I'm large. For me, anyway. At every prenatal appointment with Wyatt, I measured small, he measured small, they were convinced he was going to be Mr. or Ms. Tiny Small (though his 6 lb. 6 oz. birthweight put him on the small side of normal). And, not to be outdone by its older sibling, this baby has also appeared to be on the same course.
Until today. Today I measured right on - which I find fascinating, since up until now I've measured small enough that my doctor has done an ultrasound only to discover the baby is average - which might officially make me the largest pregnant lady I've ever been. And also? I've already gained as much weight as I did during Wyatt's pregnancy and there are 5+ weeks to go, so it can only go up from here, right? That, I have to say, is not too encouraging. I'm sure that last little factoid has nothing to do with my lack of exercise or the constant flow of baked goods through this house.
It's funny how different I feel this time; I never felt unlike myself with Wyatt's pregnancy. You know, just me, but hey! What's that thing making my belly button go flat? This time it's a different story. I feel encumbered. I feel like I'm waddling. I feel like this thing is in the way. I was stretching last night and found myself trying to figure out how to move that lump so I could bend in the direction of my choosing. Yeah, not so much luck with that one. I also no longer own enough yardage of clothing. Either my pants are too low or my shirts are too high and all too often I'm feeling a cool breeze across two or three inches of belly. Very attractive to passers-by, I'm sure.

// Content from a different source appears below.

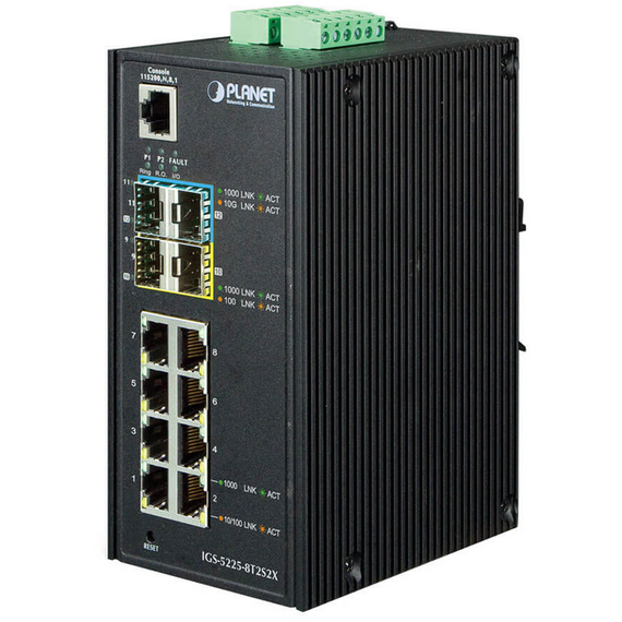 Коммутатор Planet IGS-5225-8P4S IP30 Industrial L2+/L4 8-Port 1000T 802.3at PoE+ 4-port 100/1000X SFP Full Managed

Wyatt has taken to declaring, "hey! There's the baby!" every time he sees my belly. As if either one of us could forget. And I'm running out of lap for story time before bed. As I think back, that might be part of the reason he practically knocked over my sister when she read to him last week - there was just more room and he really enjoyed kicking back in all that space.
I'm not really complaining. This sure beats all the worry and stress of "your baby is really small and you're really small and if you come back in a week and everything looks the same we might induce you and you should have your bag packed and in the car for every appointment from here on out" that we went through with Wyatt. I'm just thinking that we might not be making a mad rush for preemie-sized clothing this go-around. We'll see!